1. Increased Maximum RAM and vCPUs per Host—In his VMworld keynote address, VMware CEO Pat Gelsinger referred to vSphere 5.5 as the 2X release because VMware essentially doubles the scalability of vSphere. The maximum supported RAM per host has been increased from 2TB to 4TB. Likewise, the number of logical CPUs supported per host has increased from 160 to 320. These improvements essentially put vSphere 5.5 back on par with Hyper-V.

2. Increased vCPUs per Host —Another closely related scalability enhancement is the increased number of vCPUs supported per host; vSphere 5.5 supports up to 4,096 vCPUs per host, whereas the older version topped out at 2,048.

3. Increased NUMA Support—For virtualized workloads, physical memory is probably the most important resource. Most new servers provide non-uniform memory access (NUMA) support. NUMA is designed to improve performance by assigning memory on a per-processor basis. Each block of memory assigned to a processor is known as a NUMA node. A CPU can access the memory in its local NUMA node more quickly than it can access a non-local NUMA node. In vSphere 5.5, the support for NUMA nodes is increased from 8 to 16 nodes.

4. Support for CPU C-States—In vSphere 5.1, VMware provided support for CPUs' enhanced performance state (P-state), allowing processors to run at lower frequency and voltage settings during periods of low resource utilization, while increasing those settings during periods of high utilization. Now, vSphere 5.5 can use the deep processor power state (C-state) to minimize the power consumed by idle CPUs during periods of inactivity.
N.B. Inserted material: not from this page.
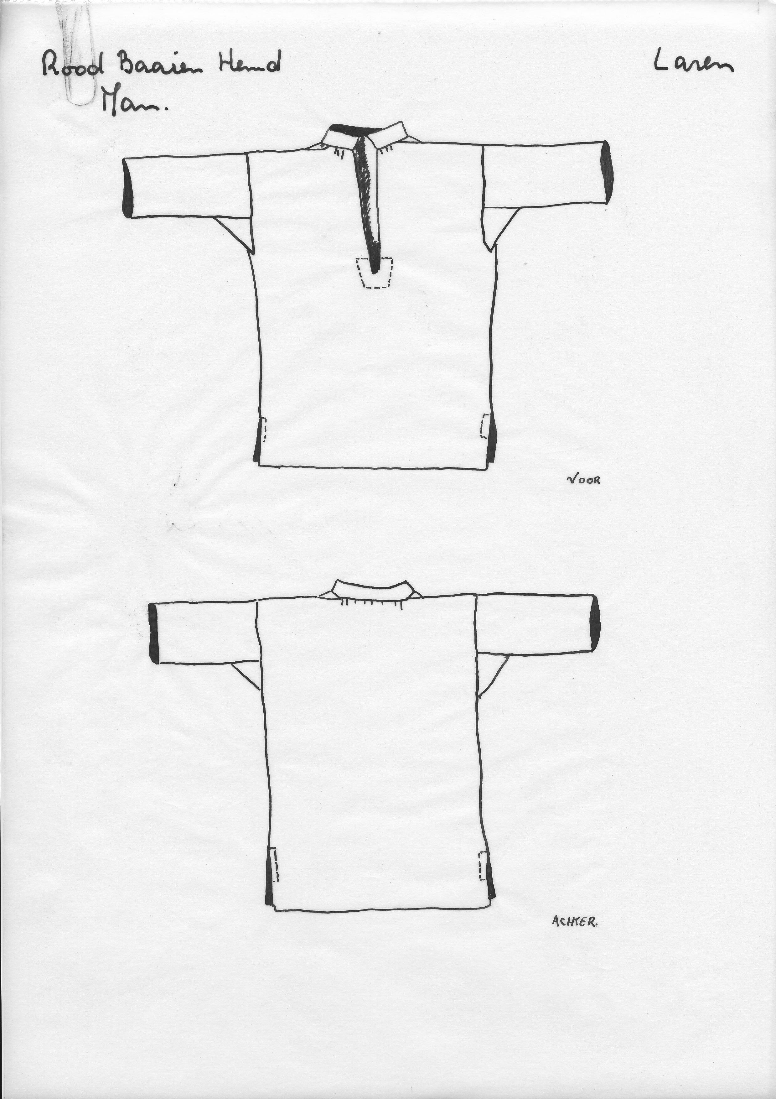Tekening van een rood baaien hemd, Laren (opmetingst...

5. Scalability Enhancements for the Free vSphere Hypervisor—Another important change, especially for small-to-midsized businesses (SMBs), is memory support enhancements to the free vSphere hypervisor. With vSphere 5.5, the free vSphere hypervisor no longer has any physical memory limitations; the older version was limited to 32GB of host RAM.
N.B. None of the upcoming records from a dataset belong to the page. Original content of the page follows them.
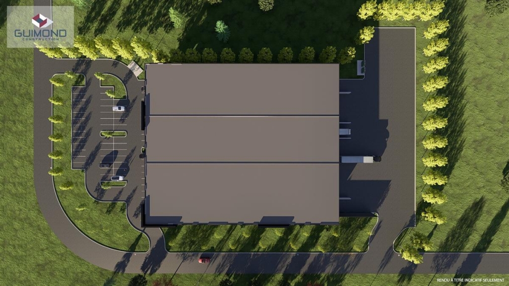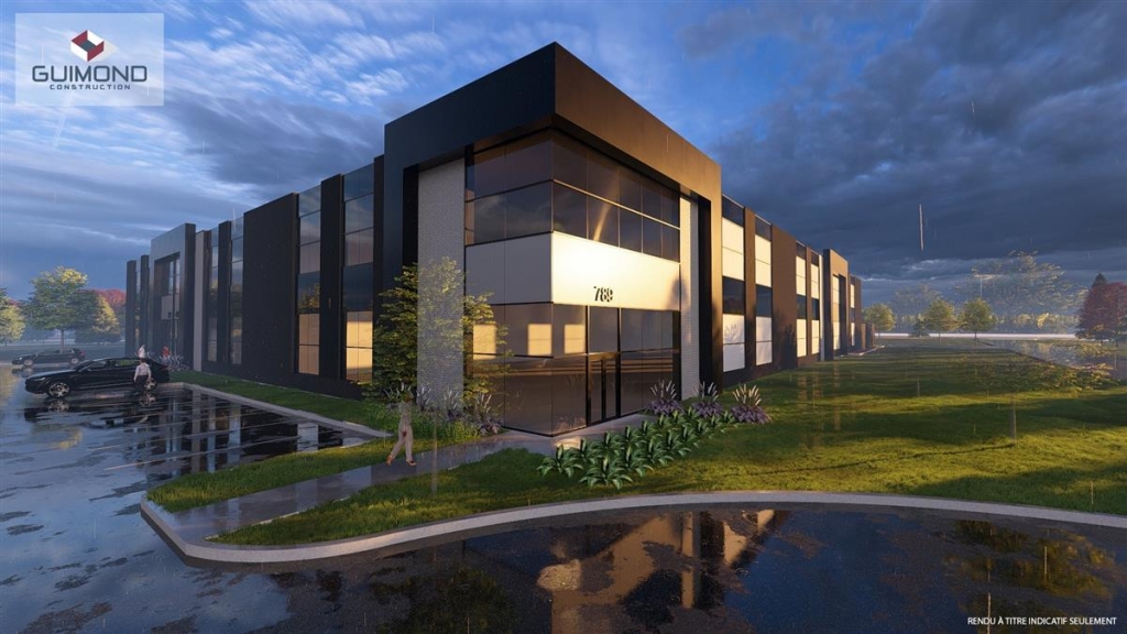 Industrial condo for rent of +/- 47,832 sq.ft., including +/- 42,214 sq.ft. on the ground floor and +/- 5,618 sq.ft. on the upper floor. Includes 6 loading docks, 3 ground-level doors (14x14), clear height of 28 feet and 60 shared parking spaces. Project to be built by Guimond Construction. Close to Highway 640. Project developed by Twinstone.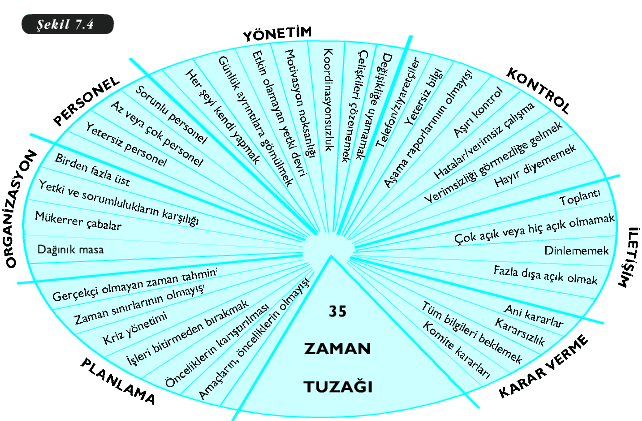 Yöneticilerin günlük programlarını uygulamadaki başarısızlıklarının en yaygın nedeni, yaptıkları çalışmaların başkaları tarafından bölünmesidir. Bu bölünmelerin nedenleri de genellikle telefonlar ve ziyaretçilerdir. İşyerlerine doğal olarak nezaket ziyaretleri yapılmalıdır. Ama bu nezaket, çalışmayı engelleyecek, düşünceleri ve çabaları ortadan kesecek kadar ileri gitmemelidir. Bu tür engellemeler kişiyi şaşırttığı gibi, işin geciktirilmesinden dolayı moral bozukluğuna da neden olur. Bütün engeller, aslında her zaman, birer zaman tuzağı olmasa da, yarattığı etki bakımından zaman tuzağıyla aynı anlama gelirler. Bir şey insana zaman kaybettiriyorsa, daha önemli başka bir iş yapılamıyor demektir. Şekil 7.4’de yöneticilerin sık sık karşılaştıkları zaman tuzakları görülmektedir. Zaman tuzaklarının oluştuğu yerler, yöneticinin görevine göre sıralanmıştır. Örneğin, yöneticilerin personelle ilgili işler nedeniyle çalışmalarının sürekli bölünmesinin temel nedenleri sorunlu, yetersiz ya da sayıca az veya çok personeldir. Zaman kazandıran en etkin iletişim araçlarından biri olan telefon, aynı zamanda en büyük zaman tuzaklarından biridir. Özellikle de yöneticiler, telefonun ve beklenmeyen ziyaretçilerin neden olduğu zaman kayıplarından şikayet ederler.
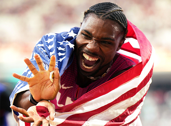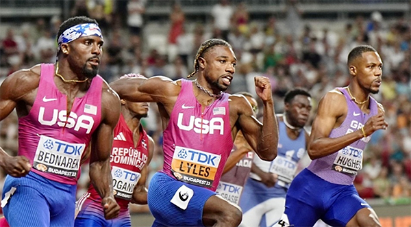 此前莱尔斯在男子100米决战中以9秒83的成绩夺得冠军,第一次获得世锦赛100米金牌。之后的200米是莱尔斯的强项,他跑出了19秒52的成绩,再度夺冠。如今来到世锦赛100米接力的项目中,莱尔斯率领美国队以37秒38的成绩站上最高的领奖台,加冕三冠王。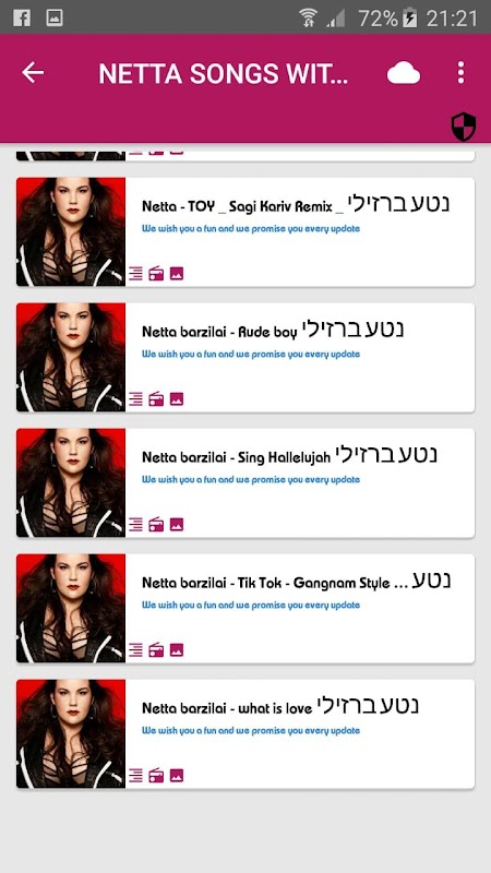 APKPure 使用簽章驗證功能,確保為您提供無病毒的 Netta Barzilai's songs 2019 WITHOUT NET APK 下載。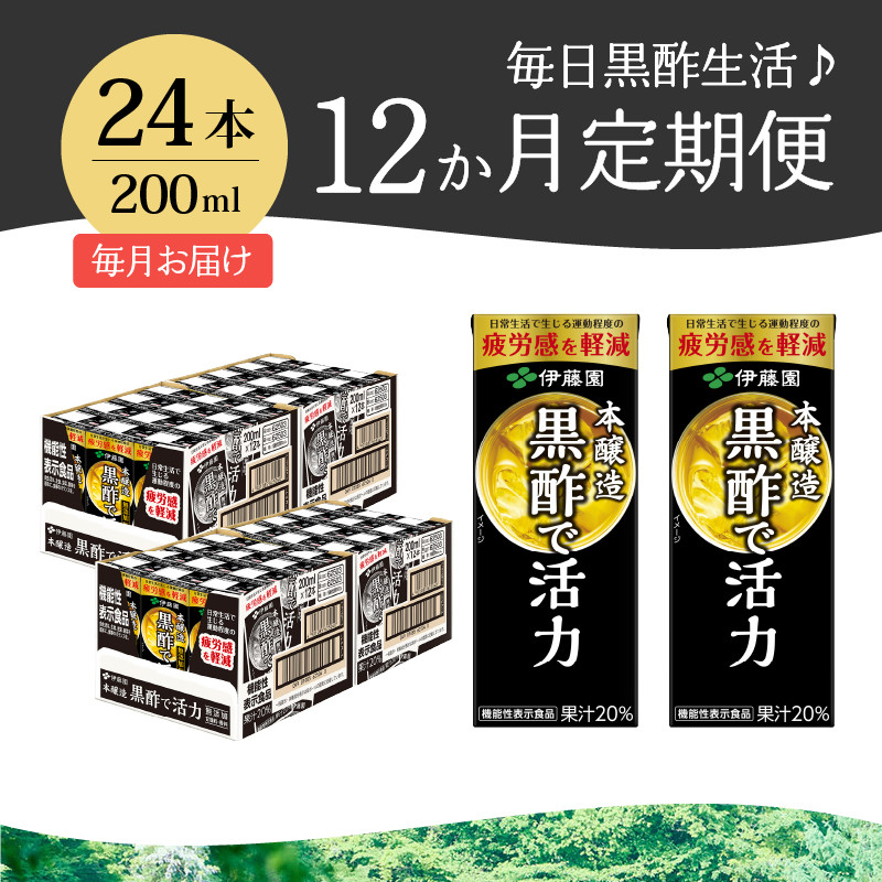 12カ月定期便 黒酢で活力 伊藤園 紙パック 1ケース24本×12カ月 200ml 黒酢 定期便 お楽しみ 米黒酢 大麦黒酢 ケース ドリンク 配達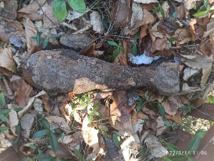 Granat moździerzowy odnaleziony w kompleksie leśnym w Żurowej. Policjanci z Tuchowa zabezpieczali niewybuch do czasu przyjazdu saperów z Rzeszowa.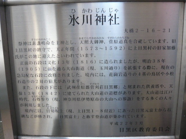 階段の昇り口に、氷川神社の由緒が記載された石板の解説板がありますが、字が細かくかつ長文なので、読む気になりません。
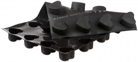 Demarle Flexipan® Mold, 23"L x 15"W, (20) heart, 2-5/8"L x 1"H with 3 oz. capacity each, temperature range -40° to 536°F, non-stick, flexible, silicone, black, NSF

6. Support for 62 TB VMDK Files—The increase in maximum virtual machine disk (VMDK) size is a welcome enhancement of vSphere 5.5. Previous releases of vSphere limited the VMDK size to 2TB; vSphere 5.5 pushes the maximum VMDK size to 62TB for both VMFS-5 and NFS.

7. Support for Hot-Pluggable PCIe SSD Drives—As prices continue to drop, high-performance solid state disk (SSD) drives are becoming more prevalent in today’s data centers. Previous releases of vSphere have supported hot-pluggable SATA and SAS drives. The new release supports hot-pluggable SSD drives, as well.

8. Improved Networking Performance—The vSphere 5.5 release provides improved network performance with support for 40GB NICs. Another networking enhancement provides support for 16GB end-to-end (E2E) Fibre Channel connections. With the previous release, the host-to-switch connection could run at 16GB but the switch-to-array connection was limited to 8GB. The vSphere 5.5 release now supports full 16GB E2E Fibre Channel connectivity.

9. Expanded vGPU Support—Previously, vSphere 5.1 introduced support for hardware-accelerated 3D graphics using vGPUs inside of a virtual machine (VM), but this support was limited to NVIDIA GPUs. Now, vSphere 5.5 adds support for AMD and Intel GPUs, as well as the ability to use vMotion to move a VM between GPU vendors. However, if the vGPU is configured to use hardware rendering, the GPU must exist in the destination host; otherwise, the vMotion procedure will fail.

10. App HA—One of the other major enhancements in vSphere 5.5 is the new App HA feature. App HA extends VMware’s operations monitoring capabilities to a number of business-critical applications. The new App HA can monitor SQL Server 2012, 2008 R2, 2008, and 2005; as well as IIS 8.0, 7.0, and 6.0; Tomcat 7.0 and 6.0; and Apache HTTP Server 2.2, 2.0, and 1.3.